What effect did you hope these tools would have on the quality of your work, or the way you work? 
Two things. One is efficiency. Anything that can make the process of making content faster—or just cut out aspects of the process that I don't necessarily enjoy. I did not go into YouTube to be an editor or graphic designer, so things that take that off my plate are awesome. And then the other is augmenting creativity and brainstorming. For those moments when I'm trying to write a script, or trying to draft an outline for a talk—or something like that—and I'm not totally sure what I want to say, or the points I want to hit, it can be helpful to use AI tools to give me something to work with. What often happens is that whatever is generated, I look at and I'm like, this is not what I want. But now that I know what I don't want, I can start writing things that I do. 

Those are pretty much the two ways that that I tend to use it: making it so that I don't have to do things that I don't want to do, and helping me brainstorm when my mind is not working correctly.

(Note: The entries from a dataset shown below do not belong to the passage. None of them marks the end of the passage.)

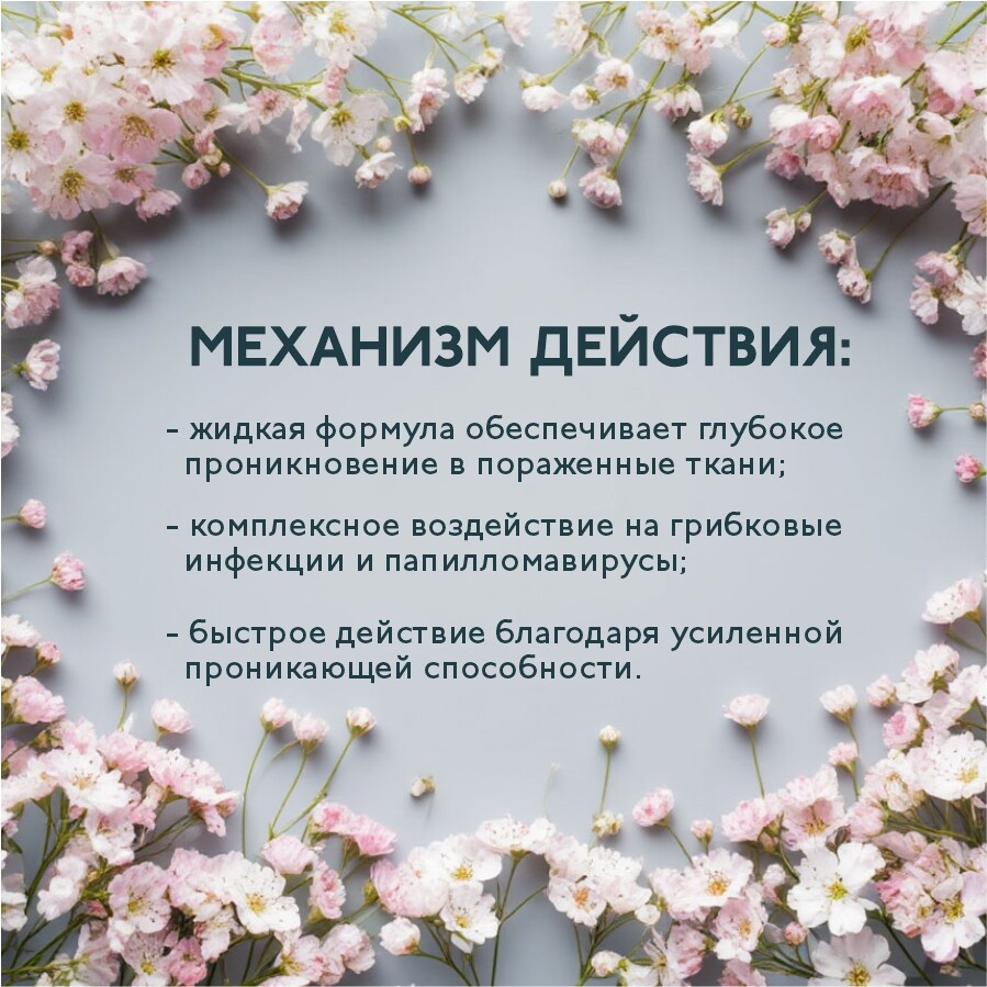 - комплексное воздействие на грибковые инфекции и папилломавирусы
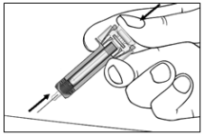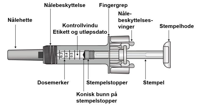 Nålebeskyttelsen dekker til nålen etter injeksjonen for å forhindre nålestikkskader. Dette påvirker ikke den normale funksjonen til sprøyten. Press stemplet sakte og jevnt ned til hele dosen er gitt, og det ikke er mulig å presse stemplet lenger ned. Fjern sprøyten fra pasienten mens du opprettholder presset på stemplet. Nålebeskyttelsen vil dekke til nålen når stemplet slippes løs.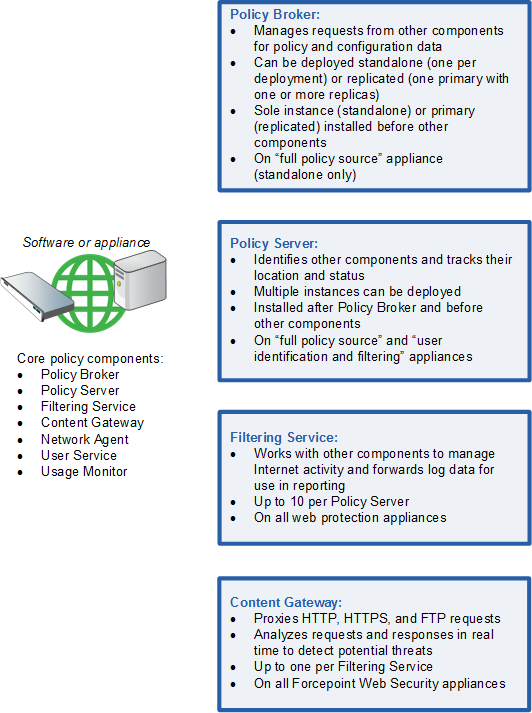 - With Forcepoint appliances, the standalone Policy Broker is present on the full policy source appliance only.

In those moments do you view AI as a collaborator, or a tool you’re using?
Using.

Why?
In my mind, you collaborate with people, and you use tools. I would say there are cases in which I think “augment” works. But when I use Canva’s background remover, I don’t see that as being functionally different than doing it manually in Photoshop. So if Photoshop is also augmenting my productivity, then yeah, the AI tool is too. But they’re both tools that I’m using for a particular end.

As a creator, can you elaborate on the creative side of things? What is it about AI and creativity that you find most exciting?
I hope that it makes getting into creative pursuits more accessible to more people. If you aren’t someone who would normally draw things, but you might want to get into graphic design, and you want to use these tools to help you create cool and interesting things, I think that's great. There's obviously the underlying dataset copyright issue that come with that. But because I use AI primarily to help me be more creative, I'm always on the lookout for tools that will keep helping me do that.

Are there any particular areas? You make videos, you write, you speak, and you’ve even used it to cook and make drinks
I’m not holding my breath for AI being a good cook. I’m not waiting on that one. 

This isn’t for creativity, but tools that help you spend more time being creative—Opus comes to mind. You give it a YouTube link, and it cuts your video into shorts with captions. And it uses GPT-4 to figure out what areas have the best hook, so that it can optimize for performance. That's an example of something I think is cool, because I don't enjoy the process of recutting my videos down for short form. It gives me much more time to go make more content that I think is interesting than having to deal with this. 

For the person who’s been hearing a lot about AI and AI tools, and is maybe wondering how to use them in their working lives, how do they decide what’s worth paying attention to and what they can ignore?
If you are a business owner, or if you work at a company that is interested in using AI, what is your goal? What do you want to achieve? What is the thing that your company is trying to do? Ideally, you find the tools—or the AI tools—that help you reach that. But the goal shouldn’t necessarily be, “GPT-6 just came out, so now we have to figure out how we're going to shoehorn it into our company workflow.” The human goal should come first. In my head, at least, the goal should never be to use AI for the sake of using AI.

This interview has been edited and condensed for clarity.